▸ **Work instructions**: With the pictures left out, retype exactly the lines below starting at the line that contains "Pokrój połowę średniej" and ending at the line that contains "전국택배노조원들이 15일 오후".

▸ **Provided data**:
::::::
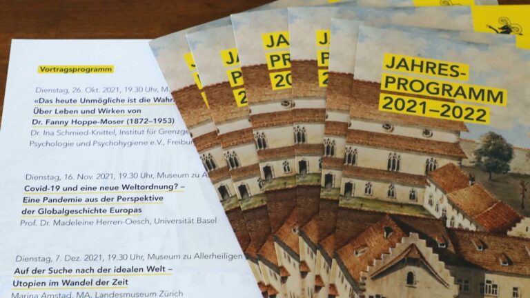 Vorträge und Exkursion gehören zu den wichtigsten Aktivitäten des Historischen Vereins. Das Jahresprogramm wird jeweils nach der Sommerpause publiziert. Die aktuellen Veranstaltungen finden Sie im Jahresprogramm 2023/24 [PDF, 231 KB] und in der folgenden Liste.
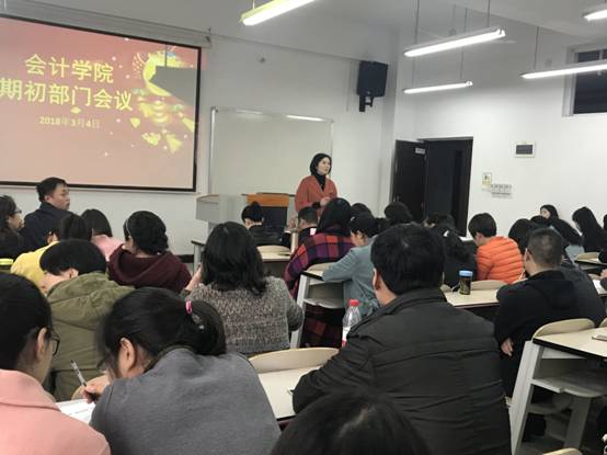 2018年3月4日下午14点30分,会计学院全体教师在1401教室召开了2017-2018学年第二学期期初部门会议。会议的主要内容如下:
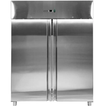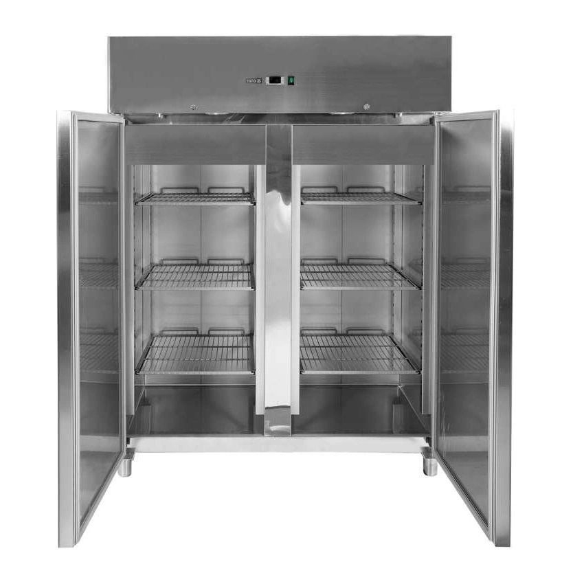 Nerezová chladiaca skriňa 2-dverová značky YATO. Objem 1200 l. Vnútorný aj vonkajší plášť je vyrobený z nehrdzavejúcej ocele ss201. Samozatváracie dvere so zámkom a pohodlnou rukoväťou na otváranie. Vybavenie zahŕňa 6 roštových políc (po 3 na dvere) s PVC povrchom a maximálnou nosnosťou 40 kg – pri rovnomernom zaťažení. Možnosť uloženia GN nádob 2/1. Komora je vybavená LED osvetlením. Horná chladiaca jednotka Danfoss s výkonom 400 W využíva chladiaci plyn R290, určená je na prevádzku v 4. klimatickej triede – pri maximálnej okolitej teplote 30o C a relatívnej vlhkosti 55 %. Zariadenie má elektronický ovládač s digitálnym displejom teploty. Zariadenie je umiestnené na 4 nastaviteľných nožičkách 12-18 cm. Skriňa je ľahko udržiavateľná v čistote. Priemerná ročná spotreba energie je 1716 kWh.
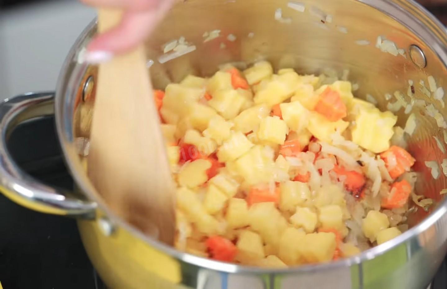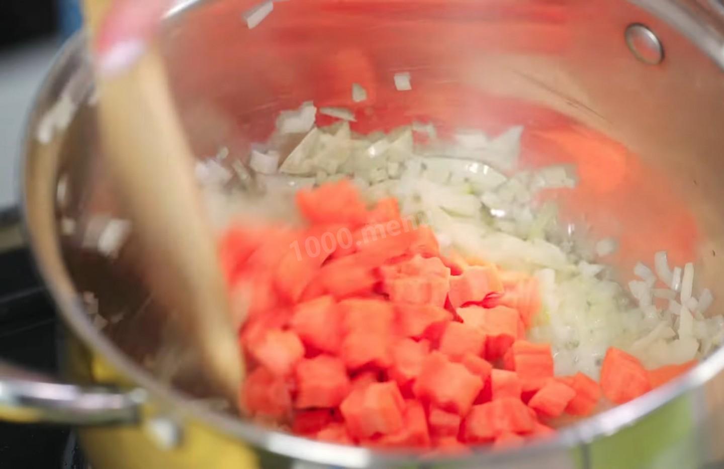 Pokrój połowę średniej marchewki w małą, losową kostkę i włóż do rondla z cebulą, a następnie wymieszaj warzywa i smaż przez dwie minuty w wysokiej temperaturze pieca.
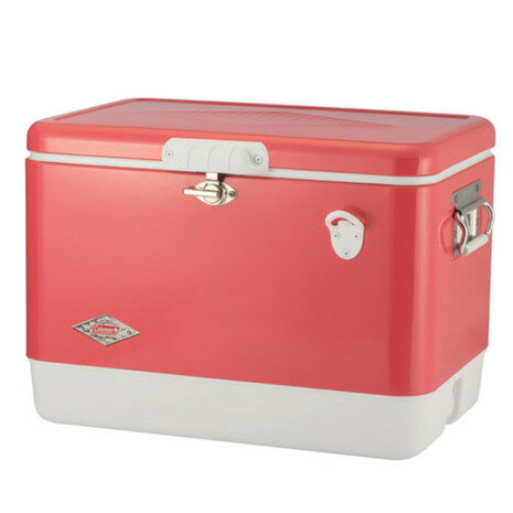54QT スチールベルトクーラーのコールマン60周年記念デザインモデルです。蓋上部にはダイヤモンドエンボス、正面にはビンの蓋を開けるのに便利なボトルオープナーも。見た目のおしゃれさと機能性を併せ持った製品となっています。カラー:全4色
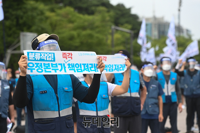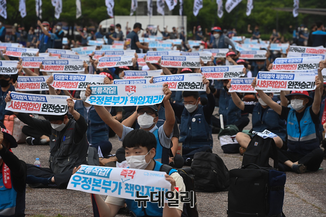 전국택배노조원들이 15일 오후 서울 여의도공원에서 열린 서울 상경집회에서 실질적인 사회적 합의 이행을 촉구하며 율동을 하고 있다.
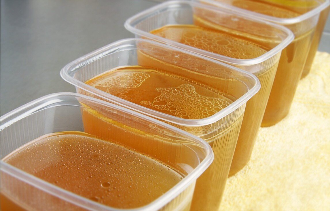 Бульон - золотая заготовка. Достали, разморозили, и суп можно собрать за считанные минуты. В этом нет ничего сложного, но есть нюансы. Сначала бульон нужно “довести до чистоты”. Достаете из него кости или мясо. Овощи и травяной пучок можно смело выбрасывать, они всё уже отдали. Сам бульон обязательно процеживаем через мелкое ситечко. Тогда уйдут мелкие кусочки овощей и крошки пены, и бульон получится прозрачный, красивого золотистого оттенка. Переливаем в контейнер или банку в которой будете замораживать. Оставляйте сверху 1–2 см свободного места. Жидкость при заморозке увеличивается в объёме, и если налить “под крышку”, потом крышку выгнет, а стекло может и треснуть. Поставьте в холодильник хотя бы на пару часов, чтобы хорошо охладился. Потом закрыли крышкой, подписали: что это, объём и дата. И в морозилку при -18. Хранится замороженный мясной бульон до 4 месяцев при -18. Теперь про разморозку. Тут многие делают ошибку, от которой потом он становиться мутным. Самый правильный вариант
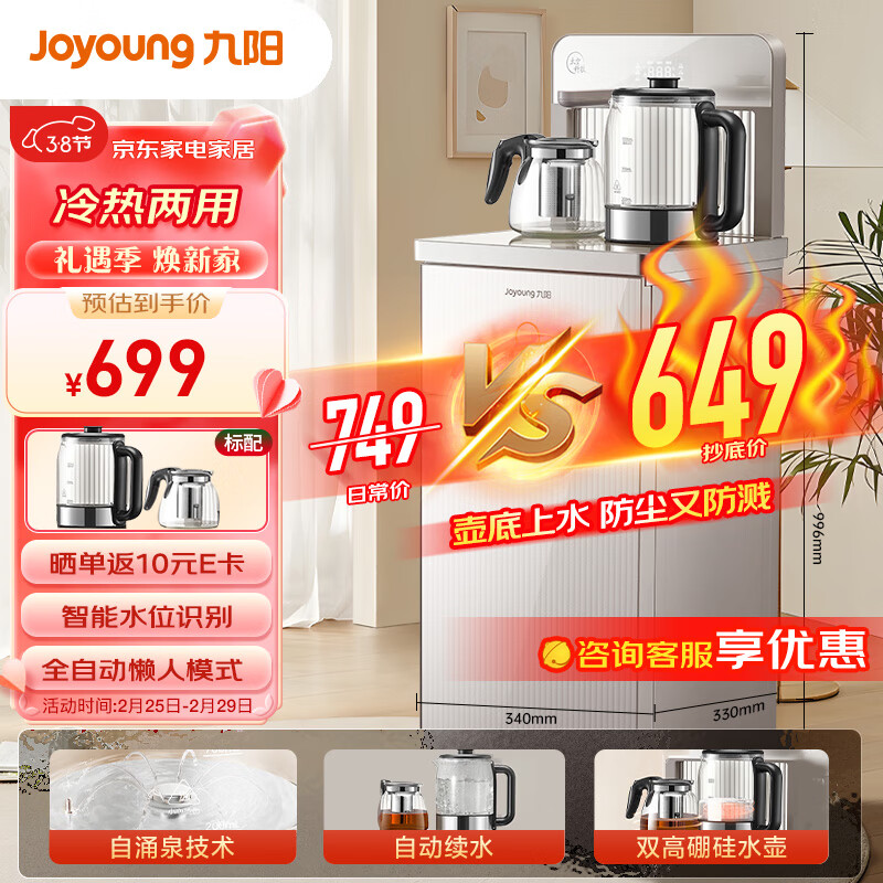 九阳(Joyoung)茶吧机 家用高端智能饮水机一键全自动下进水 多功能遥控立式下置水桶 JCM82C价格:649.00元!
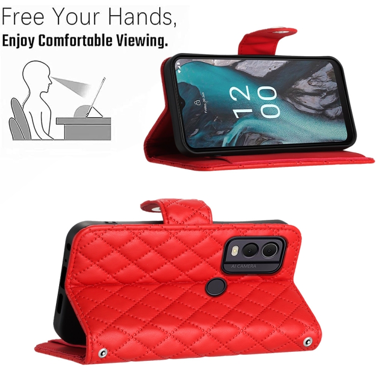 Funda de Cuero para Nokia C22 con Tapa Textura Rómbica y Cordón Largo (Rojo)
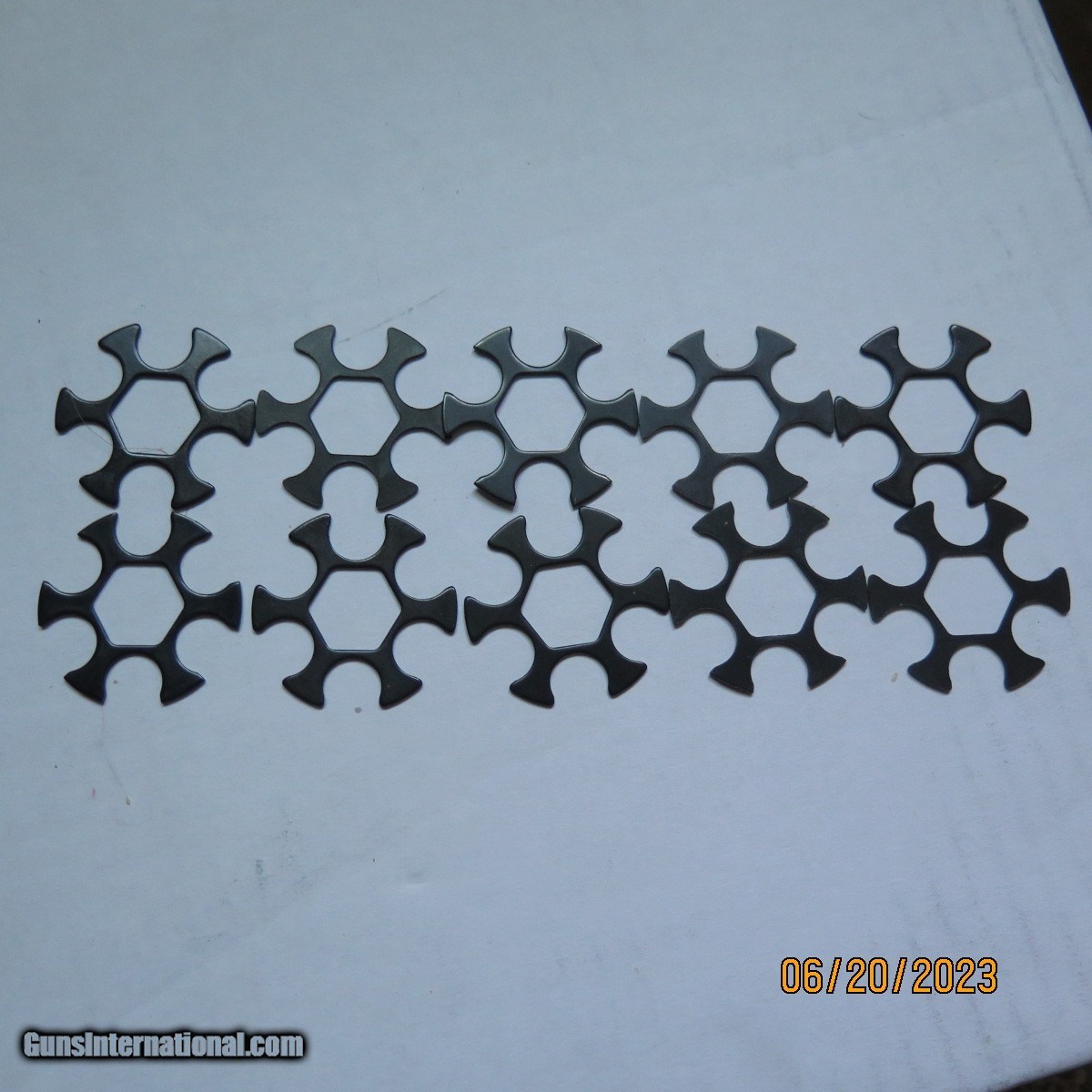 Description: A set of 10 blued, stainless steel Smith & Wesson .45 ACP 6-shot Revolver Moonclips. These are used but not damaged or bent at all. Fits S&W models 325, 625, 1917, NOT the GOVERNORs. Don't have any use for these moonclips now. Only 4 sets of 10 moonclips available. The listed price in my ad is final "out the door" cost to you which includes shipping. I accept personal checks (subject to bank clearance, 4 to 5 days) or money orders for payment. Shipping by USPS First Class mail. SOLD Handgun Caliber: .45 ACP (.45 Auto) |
::::::
▸ **Reply to the task**:
 Pokrój połowę średniej marchewki w małą, losową kostkę i włóż do rondla z cebulą, a następnie wymieszaj warzywa i smaż przez dwie minuty w wysokiej temperaturze pieca.
54QT スチールベルトクーラーのコールマン60周年記念デザインモデルです。蓋上部にはダイヤモンドエンボス、正面にはビンの蓋を開けるのに便利なボトルオープナーも。見た目のおしゃれさと機能性を併せ持った製品となっています。カラー:全4色
 전국택배노조원들이 15일 오후 서울 여의도공원에서 열린 서울 상경집회에서 실질적인 사회적 합의 이행을 촉구하며 율동을 하고 있다.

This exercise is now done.